The informant continued passing information to authorities until this May when, fearing his cover was blown and his life in danger, he dialled 911 while in a Melbourne cinema where he had gone with American Front members.
Arrests of 14 members of the group began then and continued through June. Following their arrests Mr Lamar and Kelly Boaz, an Orange County deputy sheriff assigned to the Metropolitan Bureau of Investigation who was the lead agent in both investigations, both received death threats.
Almost all the 14 arrested members of the American Front were initially held in lieu of $500,000 bail on charges of participating in paramilitary training evidencing prejudice and planning to shoot into an unidentified building, according to the Sentinel.
The investigation into the Kavallerie Brigade continued until March 29 this year, but law-enforcement agencies have kept back much information about the group’s activities for the past two years. The FBI told the Sentinel it would not comment while cases remain in court.

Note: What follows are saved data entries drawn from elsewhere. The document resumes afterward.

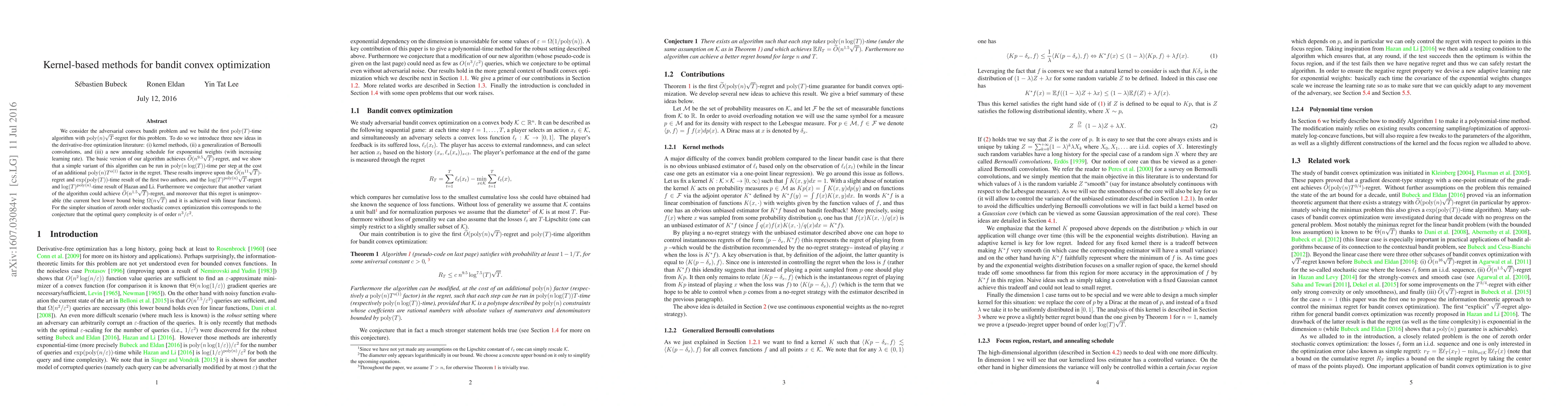 We consider the adversarial convex bandit problem and we build the first $\mathrm{poly}(T)$-time algorithm with $\mathrm{poly}(n) \sqrt{T}$-regret for this problem. To do so we introduce three new ideas in the derivative-free optimization literature: (i) kernel methods, (ii) a generalization of Bernoulli convolutions, and (iii) a new annealing schedule for exponential weights (with increasing learning rate). The basic version of our algorithm achieves $\tilde{O}(n^{9.5} \sqrt{T})$-regret, and we show that a simple variant of this algorithm can be run in $\mathrm{poly}(n \log(T))$-time per step at the cost of an additional $\mathrm{poly}(n) T^{o(1)}$ factor in the regret. These results improve upon the $\tilde{O}(n^{11} \sqrt{T})$-regret and $\exp(\mathrm{poly}(T))$-time result of the first two authors, and the $\log(T)^{\mathrm{poly}(n)} \sqrt{T}$-regret and $\log(T)^{\mathrm{poly}(n)}$-time result of Hazan and Li. Furthermore we conjecture that another variant of the algorithm could achieve $\tilde{O}(n^{1.5} \sqrt{T})$-regret, and moreover that this regret is unimprovable (the current best lower bound being $\Omega(n \sqrt{T})$ and it is achieved with linear functions). For the simpler situation of zeroth order stochastic convex optimization this corresponds to the conjecture that the optimal query complexity is of order $n^3 / \epsilon^2$.
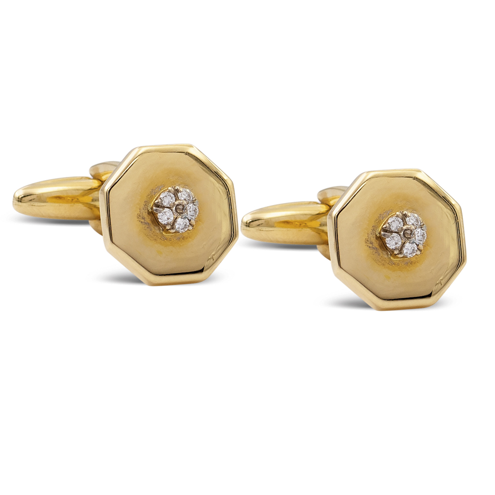 Gemelli di forma ottagonale in oro giallo 18ktpeso 6,7 gr.centrati da due diamanti taglio brillante ct 0,16 circa
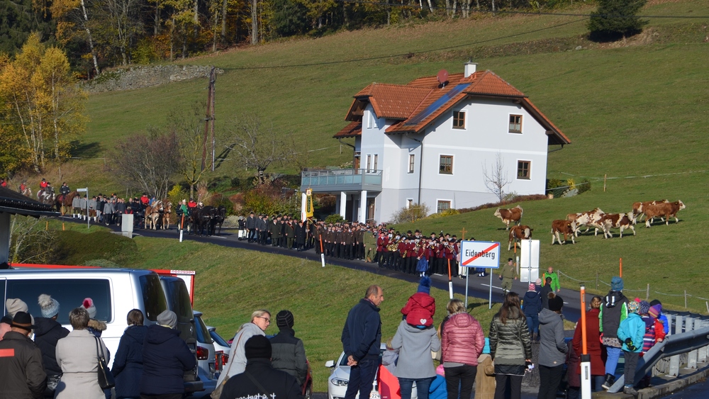 Der Festzug setzte sich aus Kreuzträger, Musikkapelle, den vier Freiwilligen Feuerwehren, Kameradschaftsbund, Jagdhornbläser, Lederhosenverein, Ministranten, Seelsorgeteam mit Pfarrgemeinderat, drei Gespanne mit dem Zelebranten, Bürgermeister, Ortsbauernobmann, etc., Gemeinderat, Ortsbauernausschuss und Reiter zusammen.

While six people were initially arrested in connection with the case, charges against one were subsequently dropped. Three of the four remaining members arrested face bomb and drug-trafficking charges while would carry mandatory sentences of 25 years in prison if convicted.
The fourth Kavallerie Brigade arrestee faces bomb charges and a charge of solicitation to commit first-degree murder.
‘We decided to strike against the Kavallerie Brigade by bringing these heavy-duty drug charges to shut the active members down,’ Assistant State Attorney Steve Foster told the Sentinel.
‘We are going to remove them from the community,’ he added.
Pretrial hearings for some of the defendants in both cases begin this week.